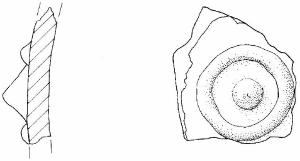 Parete con decorazione plastica costituita da un bugnetta circondata da cordone circolare applicato.
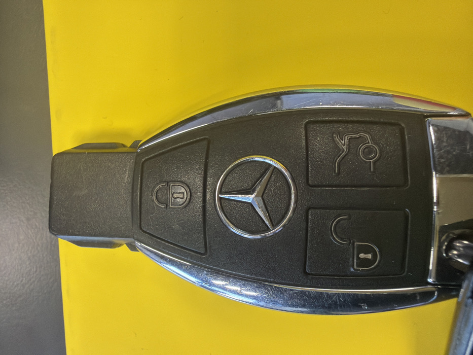 A Mercedes-Benz car key fob is depicted in a close-up, top-down view
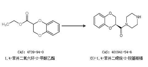 2.通过1,4-苯并二氧六环-2-甲酸乙酯合成(S)-1,4-苯并二噁烷-2-羧基哌嗪
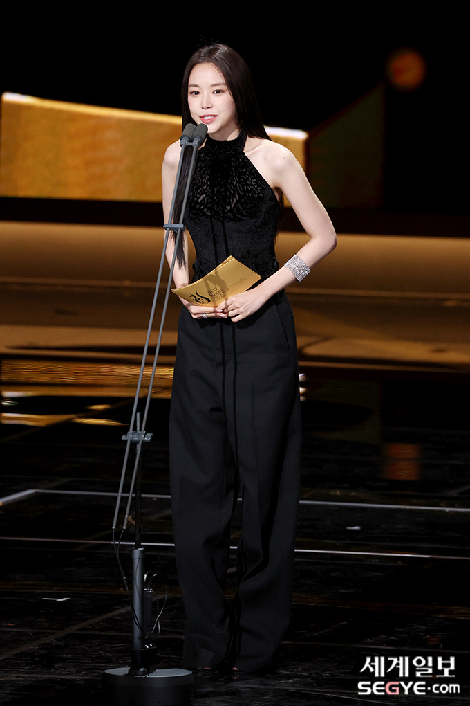가수 겸 배우 손나은이 22일 오후 서울 영등포구 KBS홀에서 열린 ’서울 드라마어워즈 2022’에 시상자로 참석해 인사말을 하고 있다.

**WORK INSTRUCTION:**
Please copy the lines above exactly as written, apart from any pictures.

**ANSWER BOX:**
 Parete con decorazione plastica costituita da un bugnetta circondata da cordone circolare applicato.
 A Mercedes-Benz car key fob is depicted in a close-up, top-down view
 2.通过1,4-苯并二氧六环-2-甲酸乙酯合成(S)-1,4-苯并二噁烷-2-羧基哌嗪
가수 겸 배우 손나은이 22일 오후 서울 영등포구 KBS홀에서 열린 ’서울 드라마어워즈 2022’에 시상자로 참석해 인사말을 하고 있다.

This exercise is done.